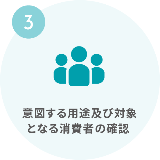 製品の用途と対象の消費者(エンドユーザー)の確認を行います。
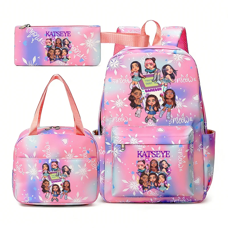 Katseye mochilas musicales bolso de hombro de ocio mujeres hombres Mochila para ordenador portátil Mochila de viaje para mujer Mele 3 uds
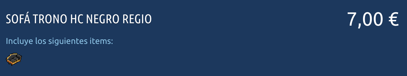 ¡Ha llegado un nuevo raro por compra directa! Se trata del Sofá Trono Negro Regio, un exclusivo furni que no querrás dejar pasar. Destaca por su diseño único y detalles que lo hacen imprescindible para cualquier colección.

...

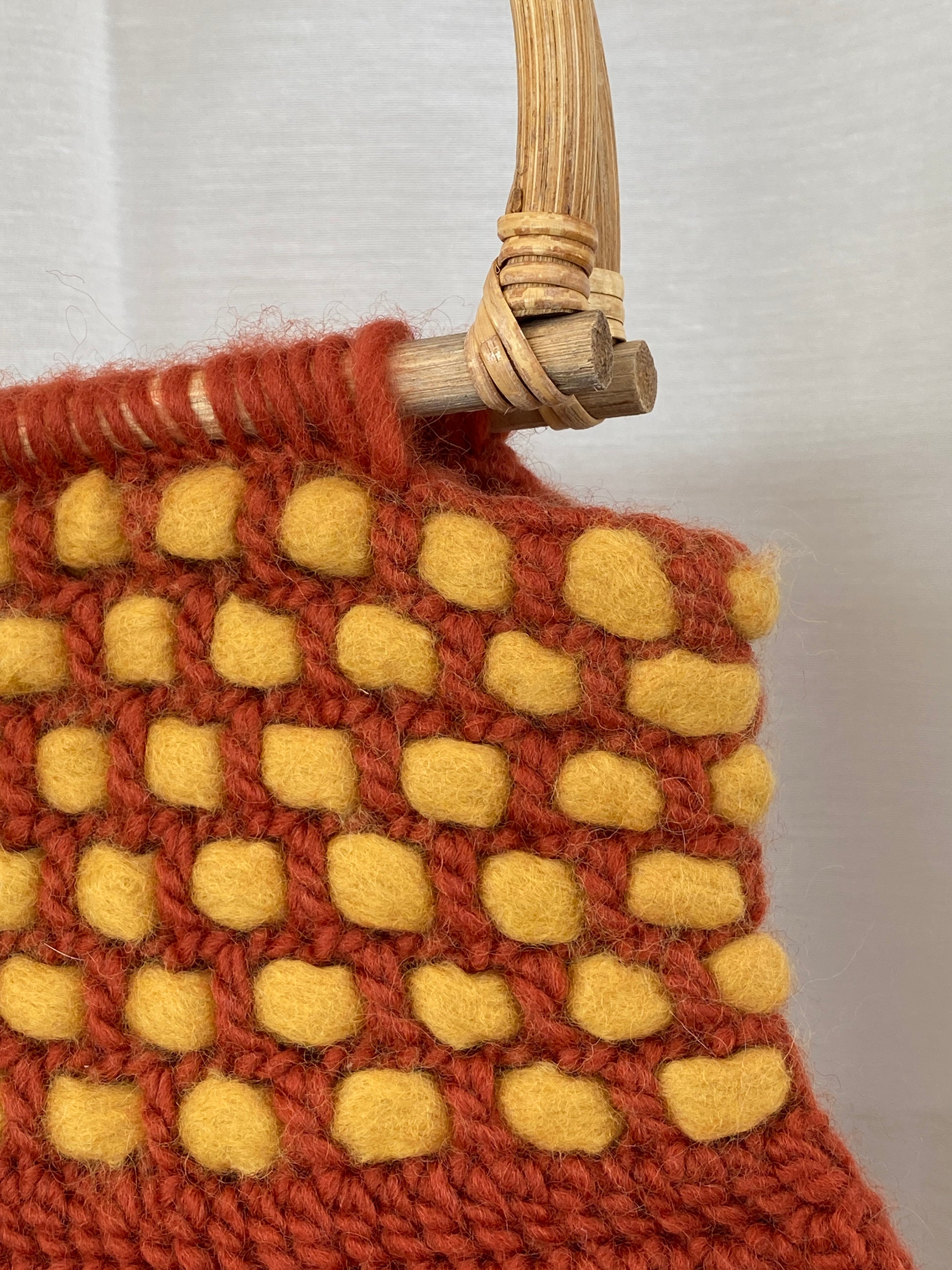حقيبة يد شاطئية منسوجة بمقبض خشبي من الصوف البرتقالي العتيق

--

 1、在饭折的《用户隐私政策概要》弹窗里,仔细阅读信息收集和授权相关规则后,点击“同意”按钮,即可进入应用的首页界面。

**TASK BRIEF**. The copy should hold exactly the lines above from the one with "Katseye mochilas musicales" through the one with "para cualquier colección.", both ends counted, and no pictures at all.

**FINISHED TASK**.
 Katseye mochilas musicales bolso de hombro de ocio mujeres hombres Mochila para ordenador portátil Mochila de viaje para mujer Mele 3 uds
 ¡Ha llegado un nuevo raro por compra directa! Se trata del Sofá Trono Negro Regio, un exclusivo furni que no querrás dejar pasar. Destaca por su diseño único y detalles que lo hacen imprescindible para cualquier colección.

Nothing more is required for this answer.